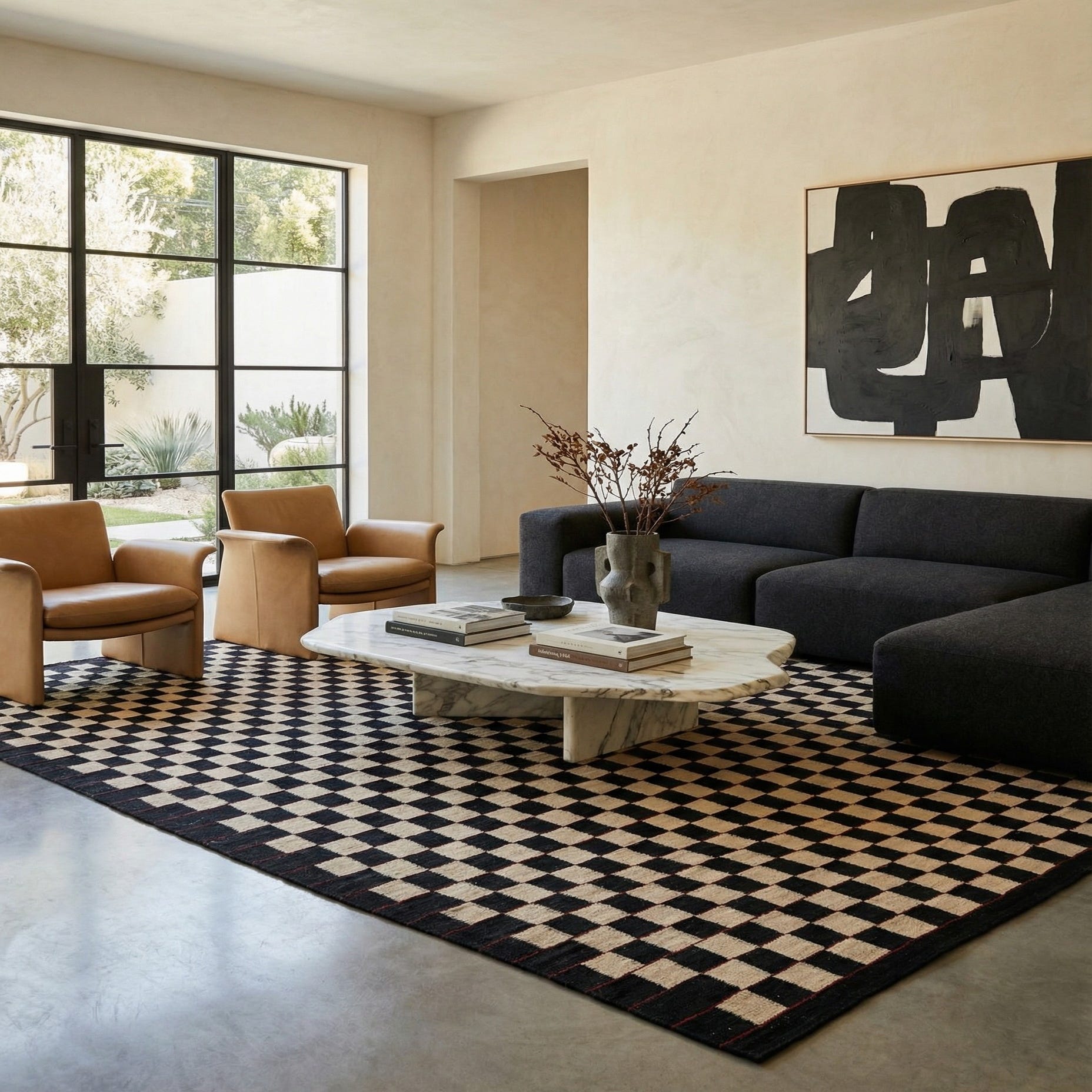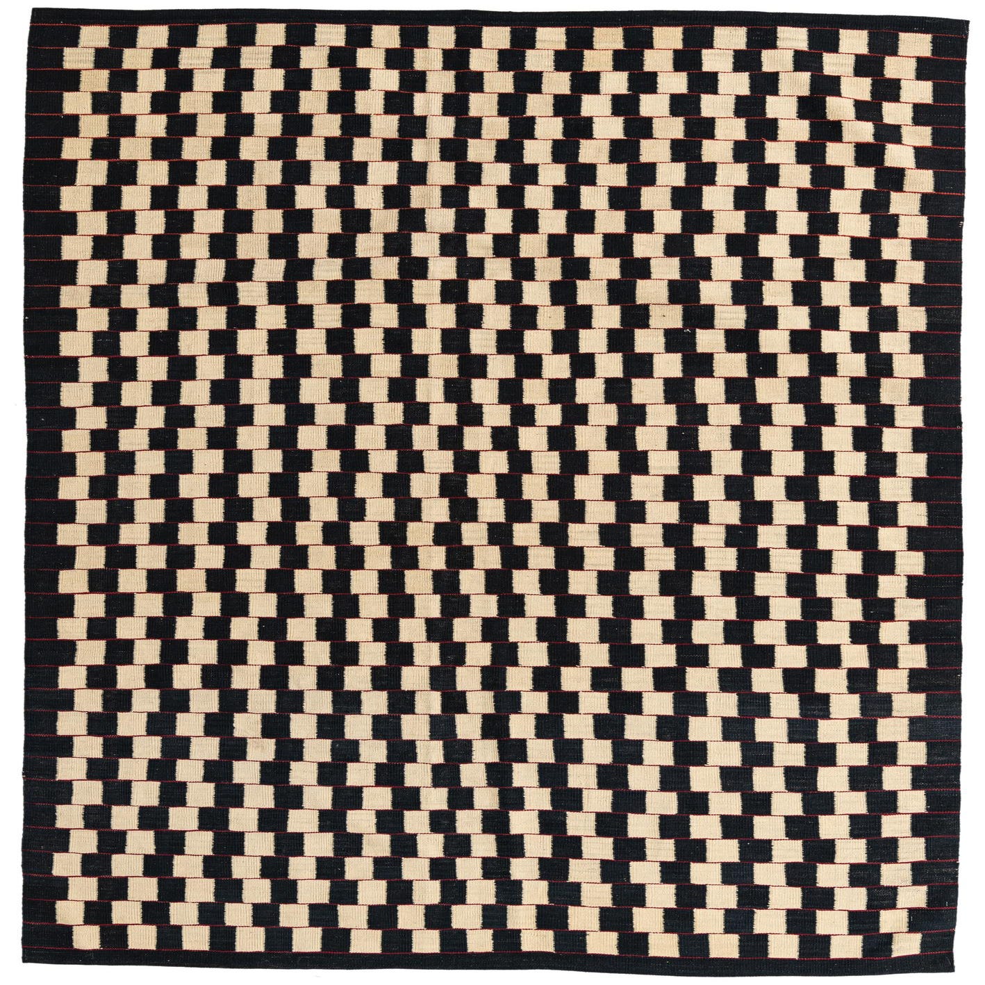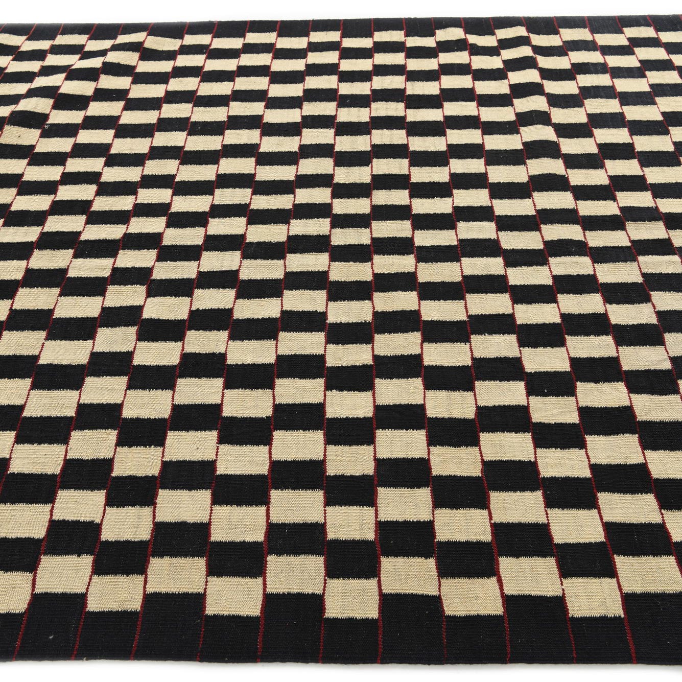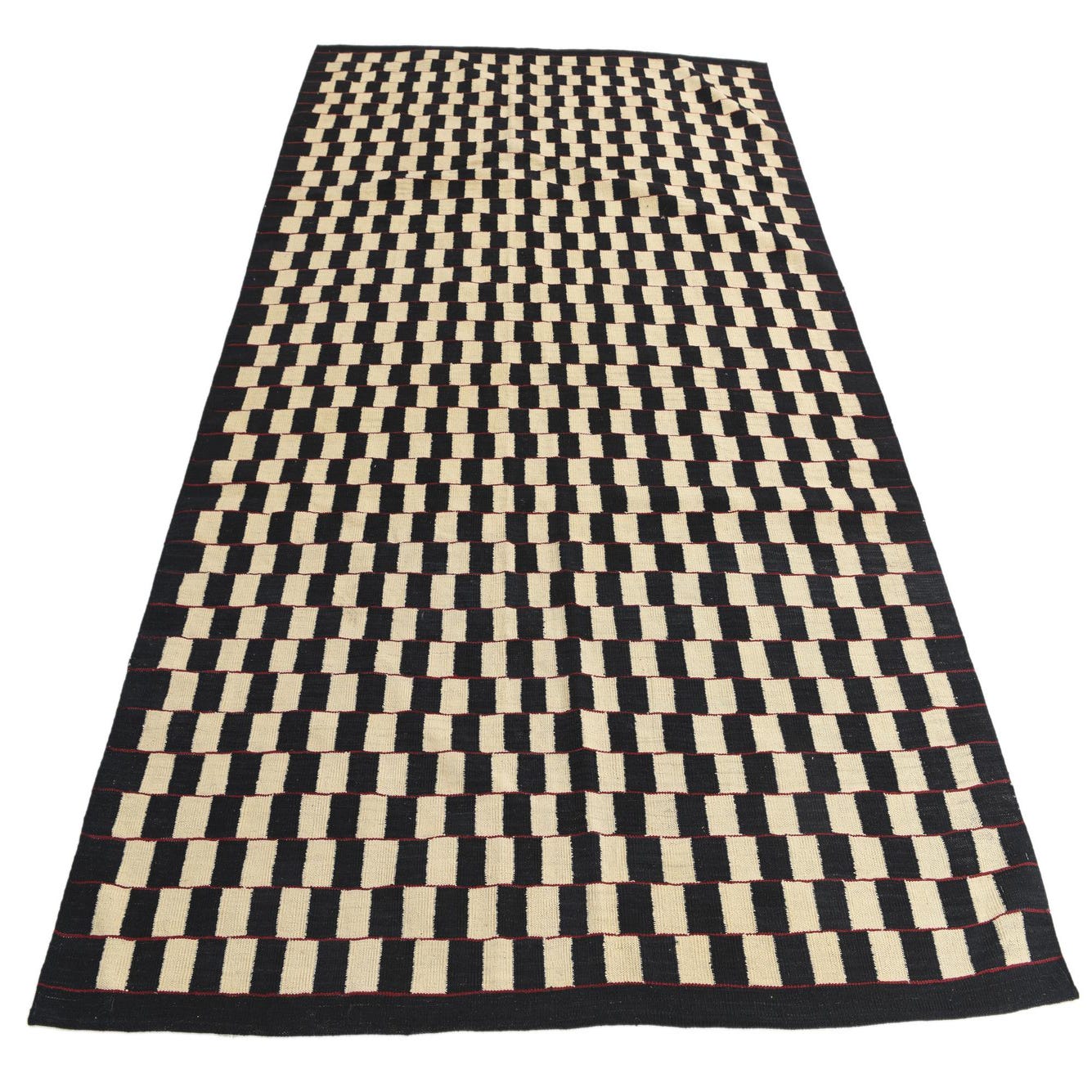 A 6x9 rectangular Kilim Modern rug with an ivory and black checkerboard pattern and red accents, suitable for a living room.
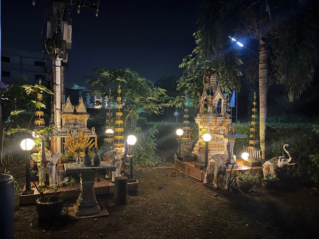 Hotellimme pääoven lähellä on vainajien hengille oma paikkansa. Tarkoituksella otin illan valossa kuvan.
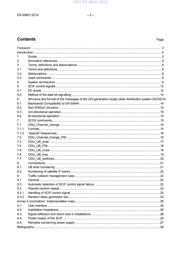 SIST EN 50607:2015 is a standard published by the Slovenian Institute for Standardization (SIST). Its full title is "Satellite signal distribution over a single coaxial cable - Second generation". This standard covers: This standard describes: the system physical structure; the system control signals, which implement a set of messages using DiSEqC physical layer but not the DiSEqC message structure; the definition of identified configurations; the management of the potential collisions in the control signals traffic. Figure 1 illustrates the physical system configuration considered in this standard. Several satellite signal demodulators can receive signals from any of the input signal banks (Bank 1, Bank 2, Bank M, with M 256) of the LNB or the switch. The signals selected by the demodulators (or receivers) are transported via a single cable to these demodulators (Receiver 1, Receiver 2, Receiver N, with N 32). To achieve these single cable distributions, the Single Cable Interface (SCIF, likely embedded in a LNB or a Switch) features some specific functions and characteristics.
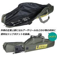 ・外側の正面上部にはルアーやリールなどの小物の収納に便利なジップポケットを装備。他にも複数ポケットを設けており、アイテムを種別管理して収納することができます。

# # # # # # #

§ Prompt: Leave out the pictures. Transcribe only the lines above, from the first through the one that contains "Hotellimme pääoven lähellä".

§ Answer to the exercise:
 A 6x9 rectangular Kilim Modern rug with an ivory and black checkerboard pattern and red accents, suitable for a living room.
 Hotellimme pääoven lähellä on vainajien hengille oma paikkansa. Tarkoituksella otin illan valossa kuvan.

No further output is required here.